- Theatrical release poster
- Directed by: Stanley R. Jaffe
- Screenplay by: Beth Gutcheon
- Based on: Still Missing 1981 novel by Beth Gutcheon
- Produced by: Stanley R. Jaffe
- Starring: Kate Nelligan; Judd Hirsch; David Dukes; Stockard Channing;
- Cinematography: John Bailey
- Edited by: Cynthia Scheider
- Music by: Jack Nitzsche
- Distributed by: 20th Century Fox
- Release date: February 4, 1983;
- Running time: 120 minutes
- Country: United States
- Language: English
- Box office: $9.6 million

= Without a Trace (1983 film) =

1983 American drama film by Stanley R. Jaffe

Without a Trace is a 1983 American drama film directed by Stanley R. Jaffe and starring Kate Nelligan, Judd Hirsch, David Dukes and Stockard Channing. Adapted by screenwriter Beth Gutcheon from her own 1981 novel Still Missing, the story is partly based on the real-life disappearance of Etan Patz.

==Plot==
Susan Selky, an English professor at Columbia University, lives in a Brooklyn brownstone with her 6-year-old son Alex. One March morning, she sees Alex off to his school, two blocks away.

Returning home after work, Susan becomes increasingly alarmed when Alex is late. She calls her friend and neighbor Jocelyn Norris, whose daughter is Alex's classmate, and learns that Alex was not in school that day. She calls the New York City Police Department, and officers descend on the townhouse, led by Lieutenant Al Menetti. The police suspect her estranged husband, Graham, a professor at New York University, but he produces an alibi.

Susan's case generates media attention, and citizens help by distributing posters. Susan is initially criticized for allowing her son to walk to school alone. A polygraph test clears her as a suspect. Numerous leads are checked, including several reports that Alex may have been seen in the back seat of a blue 1965 Chevy. A psychic is also called in, but each lead fizzles.

The investigation drags on, and Graham is at odds with Menetti after budget cuts force him to dismantle the command center in Susan's apartment and run the case from the precinct. At one point, Graham takes matters into his own hands after receiving a ransom call. Given a beating, he requires a hospital stay.

A break in the case happens when a pair of Alex's bloody underpants is found in the apartment of Susan's housekeeper, Philippe. It's learned that the gay Philippe was picked up with a 14-year-old male prostitute. Philippe swears he did not harm Alex and says the bloody underpants were Alex's old pair that he used as a polishing cloth. He used it to stop bleeding after cutting himself washing dishes. Convinced that Philippe is innocent, Susan tries to persuade Menetti to drop the charges, but he refuses, citing undisclosed physical evidence.

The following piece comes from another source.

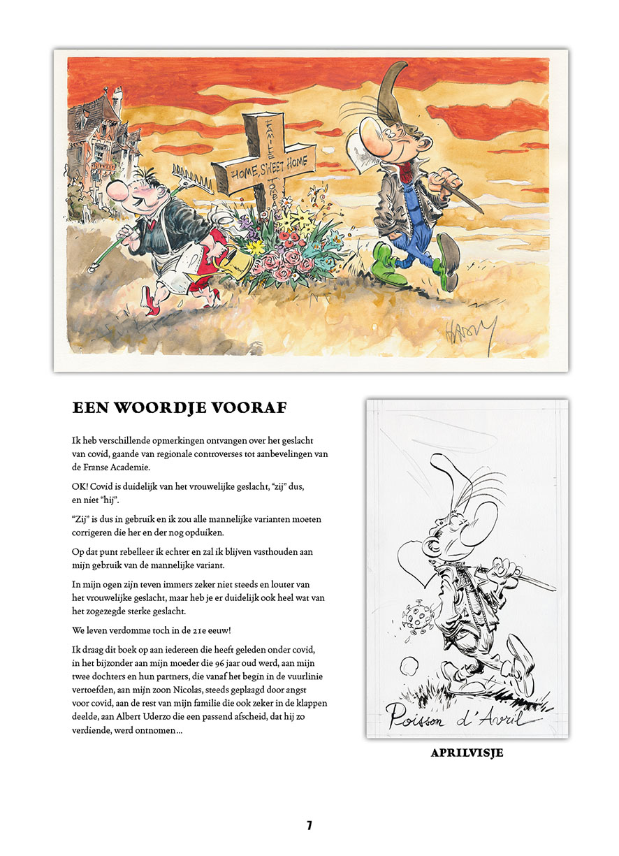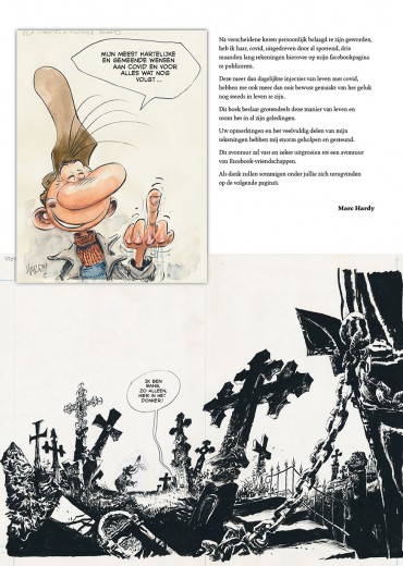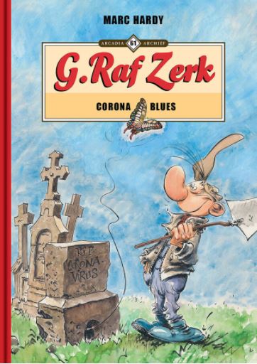 'Net zoals iedereen werd Marc Hardy de voorbije twee jaar dagelijks geconfronteerd met de nieuwsgeving, opnievorming en gevolgen van het coronavirus op onze samenleving, op zichzelf en zijn geliefden. Net zoals iedereen, probeerde hij dit maatschappelijk drama op zijn eigen manier een plaats te geven, een poging om als het ware covid uit te drijven... En hoe kan een auteur, een striptekenaar, dit beter doen door zijn gevoelens en gedachten hierover op papier neer te zetten en meer zelfs, door deze tekeningen drie maanden lang op zijn Facebookpagina te delen met zijn volgers. Corona Blues is dus niet zo maar een album van G. Raf Zerk, het is zowel een impressie over drie maanden uit de pandemie, als een avontuur van Facebookvriendschappen. In dit atypische G. Raf Zerk-album moet de grafelver met de bruine pet en het grote reukorgaan de hoofdrol delen met de twijfelachtige Covid-19, die als een rode draad doorheen het album loopt, of eerder sluipt. 64 pagina’s lang vinden we G. Raf Zerk terug in zijn vertrouwde habitat, het kerkhof, waar zowel levenden als doden elkaar kruisen en waar de dood als de dood blijkt te zijn voor de Covid-19... Marc Hardy is al meer dan twintig jaar een van de vaste waarden bij vzw Arcadia. Het begon in 2000 met Gordh, het eerste deel uit de reeks Arkel, rond de lotgevallen van de gelijknamige leidsengel. In 2013 mochten we met Youkaïdi kennismaken met De Libellenpatroelje, en in 2022 verwelkomen we de sympathieke grafdelver, G. Raf Zerk, zonder meer de meest succesvolle serie van de Luikse auteur, die een groot deel van zijn carrière samenwerkte met de inmiddels betreurde Raoul Cauvin, gekend van De Blauwbloezen, Cupido, Agent 212 en andere reeksen. Dit album bevat ook enkele hommagecartoons aan Cauvin.'( bron ssz) gelimiteerde hardcover

The renewed media coverage dies down, and Susan faces increased pressure to accept that Alex could be dead. One day, she receives a phone call from Malvine Robbins in Bridgeport, Connecticut, who says that Alex is living with neighbors. Menetti tells Susan that the Bridgeport police have deemed the woman a crank. The investigation is closed, and Philippe faces trial within weeks.

On a day off, Menetti and his young son take a drive. Seeing a highway exit sign for Bridgeport, Connecticut, Menetti decides to check out the lead. When he arrives at Robbins' address, he is shocked to see a blue Chevy (in which witnesses had reported seeing Alex) parked in the driveway of the neighboring house. Realizing that Robbins was truthful, he calls the Bridgeport police, who find Alex alive and unharmed. His kidnapper used the boy to care for his disabled sister who lives in the house.

Menetti drives Alex back to New York with a huge police escort, and the New York media is tipped off that he has been found, converging on Susan's Brooklyn house. Susan returns from grocery shopping in time to see Alex stepping out of Menetti's car. In front of bystanders and reporters, mother and child are reunited.

==Cast==
- Kate Nelligan as Susan Selky
- Judd Hirsch as Det. Al Menetti
- David Dukes as Graham Selky
- Stockard Channing as Jocelyn Norris
- Danny Corkill as Alex Selky
- Louise Stubbs as Malvina Robbins
- Keith McDermott as Philippe
- David Simon as Menetti's son

==Production==
The film's screenplay was written by novelist and screenwriter Beth Gutcheon, who kept the film relatively faithful to her novel Still Missing, a work of fiction. The one glaring difference between the book and the film is that the book was set in Boston, while the film was set and filmed in New York. The film was originally supposed to be titled Still Missing, but was changed by the studio to avoid confusion with the 1982 film Missing.

==Release==
The film was released in North America on February 4, 1983, and grossed $9.6 million.

==Reception==
Janet Maslin of The New York Times called it "a reasonably well-made film" on its own terms but said it "deserves more thoughtful and imaginative treatment".